He traced the room for more signs of survival. He counted only two sets of faded prints in the dirt- one broad-footed and the other smaller. It didn't take a detective here. The man had traveled with someone here. The suicide left a survivor. Someone lost and afraid in the Quiet.
Even if he was crazy, he was still immortal. He remembered the Old World before the nukes. He knew how to help someone like that.
The tracks lead outside the room. The owner had fallen. He could see the bloody outline of elbows and knees in the glass. But nothing else.
Outside, the city was a concrete jungle. Where this person went, he couldn't tell.
He was failing. He couldn't let this opportunity fall away. This is why he walked. He needed to find humanity, wherever it was. But they eluded him.
Someway, we always survive- it’s just obvious...
But looking for someone in the city? Impossible.
He returned to his radio room. His fingers toyed with the tuning dial. More out of frustrated boredom than anything else.
He caught a ghost in the static. Words? He stopped. His fingers were trembling. He pulled the dial back, slowly. It creaked and the static started to clear as his heart continued to race.
"Tease lp. beaear Bumder-pike."
He staggered out of his chair. It was a woman. She might've been the grave-maker here.
It was closer to English than anything else he heard.
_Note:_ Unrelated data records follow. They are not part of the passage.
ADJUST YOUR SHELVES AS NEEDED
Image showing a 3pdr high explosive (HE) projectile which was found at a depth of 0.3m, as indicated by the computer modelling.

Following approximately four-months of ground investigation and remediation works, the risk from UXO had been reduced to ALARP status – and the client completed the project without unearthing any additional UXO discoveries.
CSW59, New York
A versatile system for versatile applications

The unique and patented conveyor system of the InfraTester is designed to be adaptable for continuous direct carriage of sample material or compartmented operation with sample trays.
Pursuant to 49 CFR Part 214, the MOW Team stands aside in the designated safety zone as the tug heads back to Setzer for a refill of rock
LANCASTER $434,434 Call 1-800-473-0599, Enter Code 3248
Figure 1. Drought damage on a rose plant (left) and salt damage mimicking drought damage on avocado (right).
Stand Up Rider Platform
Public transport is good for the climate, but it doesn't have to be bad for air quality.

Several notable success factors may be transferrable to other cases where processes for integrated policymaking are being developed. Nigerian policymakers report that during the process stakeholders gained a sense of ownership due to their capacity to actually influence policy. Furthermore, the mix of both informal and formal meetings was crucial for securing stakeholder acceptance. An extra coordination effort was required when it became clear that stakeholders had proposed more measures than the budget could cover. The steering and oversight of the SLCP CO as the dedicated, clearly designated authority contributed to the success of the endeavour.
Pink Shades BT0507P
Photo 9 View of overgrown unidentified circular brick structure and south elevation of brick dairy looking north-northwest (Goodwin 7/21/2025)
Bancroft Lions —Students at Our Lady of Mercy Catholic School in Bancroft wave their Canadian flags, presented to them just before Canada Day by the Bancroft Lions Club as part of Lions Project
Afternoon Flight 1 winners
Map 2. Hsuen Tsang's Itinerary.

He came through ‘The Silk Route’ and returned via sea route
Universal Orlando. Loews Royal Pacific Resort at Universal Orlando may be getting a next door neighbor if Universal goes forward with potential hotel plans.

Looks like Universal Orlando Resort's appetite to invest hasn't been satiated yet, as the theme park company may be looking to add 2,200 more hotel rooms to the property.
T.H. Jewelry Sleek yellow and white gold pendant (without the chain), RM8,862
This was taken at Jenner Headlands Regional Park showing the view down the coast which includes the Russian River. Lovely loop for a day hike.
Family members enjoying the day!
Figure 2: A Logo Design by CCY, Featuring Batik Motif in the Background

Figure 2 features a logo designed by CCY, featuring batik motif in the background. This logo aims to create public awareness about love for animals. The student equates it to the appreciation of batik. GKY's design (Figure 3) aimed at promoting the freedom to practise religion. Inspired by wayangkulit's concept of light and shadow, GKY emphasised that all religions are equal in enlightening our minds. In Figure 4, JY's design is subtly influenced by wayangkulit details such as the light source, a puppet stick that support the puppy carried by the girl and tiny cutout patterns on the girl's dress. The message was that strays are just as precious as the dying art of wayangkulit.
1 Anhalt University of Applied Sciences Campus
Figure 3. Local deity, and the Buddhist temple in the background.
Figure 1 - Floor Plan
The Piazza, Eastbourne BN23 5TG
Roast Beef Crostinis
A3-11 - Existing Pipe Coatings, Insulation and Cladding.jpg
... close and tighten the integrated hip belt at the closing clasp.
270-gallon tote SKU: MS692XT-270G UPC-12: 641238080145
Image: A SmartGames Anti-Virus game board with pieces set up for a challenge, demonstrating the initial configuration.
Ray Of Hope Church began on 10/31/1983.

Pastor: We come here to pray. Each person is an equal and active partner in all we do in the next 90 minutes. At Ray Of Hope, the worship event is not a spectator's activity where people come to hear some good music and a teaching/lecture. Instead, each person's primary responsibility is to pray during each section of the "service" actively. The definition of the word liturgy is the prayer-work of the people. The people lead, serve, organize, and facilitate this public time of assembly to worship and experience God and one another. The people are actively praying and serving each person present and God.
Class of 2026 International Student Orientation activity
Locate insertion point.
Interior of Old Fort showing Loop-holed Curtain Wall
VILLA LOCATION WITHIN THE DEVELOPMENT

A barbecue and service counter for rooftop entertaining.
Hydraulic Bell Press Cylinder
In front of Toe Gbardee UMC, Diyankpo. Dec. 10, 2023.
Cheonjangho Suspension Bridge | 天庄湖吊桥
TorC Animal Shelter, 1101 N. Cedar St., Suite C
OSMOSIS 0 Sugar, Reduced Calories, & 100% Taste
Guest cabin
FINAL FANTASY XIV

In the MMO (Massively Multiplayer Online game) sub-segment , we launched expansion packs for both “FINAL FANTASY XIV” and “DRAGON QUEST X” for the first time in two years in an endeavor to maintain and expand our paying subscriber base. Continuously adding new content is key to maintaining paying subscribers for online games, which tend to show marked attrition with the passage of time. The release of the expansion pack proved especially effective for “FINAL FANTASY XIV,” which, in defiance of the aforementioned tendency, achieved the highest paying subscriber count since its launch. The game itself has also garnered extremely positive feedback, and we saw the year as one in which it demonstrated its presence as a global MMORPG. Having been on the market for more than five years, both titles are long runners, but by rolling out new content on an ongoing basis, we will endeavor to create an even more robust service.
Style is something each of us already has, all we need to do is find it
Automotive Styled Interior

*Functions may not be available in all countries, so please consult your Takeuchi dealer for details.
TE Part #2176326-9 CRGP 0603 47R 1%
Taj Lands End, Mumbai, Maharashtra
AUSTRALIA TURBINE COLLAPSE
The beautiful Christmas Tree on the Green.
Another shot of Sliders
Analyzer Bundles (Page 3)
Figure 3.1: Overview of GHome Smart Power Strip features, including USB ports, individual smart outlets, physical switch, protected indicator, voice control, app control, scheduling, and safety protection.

He made a mental note of which frequency that was. But he couldn’t remember where it was broadcasting. He'd setup networks like this across Seattle, Los Angeles, and here in Detroit.
He tapped his Walkman, thinking about his nonexistence maps. He was under pressure. It's not like he imagined this would happen today.
"Som ista. Tease. T-Tease."
His hand was shaking as he grabbed the transmitter. "Tease," he replied.
Silence answered.
"Tease," he repeated. "Where?"
She started sobbing. "T-Tease lp."
"I tease. I will. Where?"
Silence. There was too much silence.
"Where?”
“Tease lp…”
“I’m coming. Stay where you are.” He wondered if he should’ve bothered with that. He hung up the transmitter. He recalled a rough estimate of where the frequency came from. She was in one of four spots. Any were hours away.
He’d find her.
****
The man was sitting on a pile of black rubble listening to Heron Blue. The song made him paranoid. The sort of paranoia where he imagined all the shadows following him. Arms reaching at his legs.
He'd failed. The first two locations were empty. The woman still broadcasted but his transmitters were broken. She was singing something to herself in that strange language. A lullaby. Oh, he wished he could've stayed to hear it.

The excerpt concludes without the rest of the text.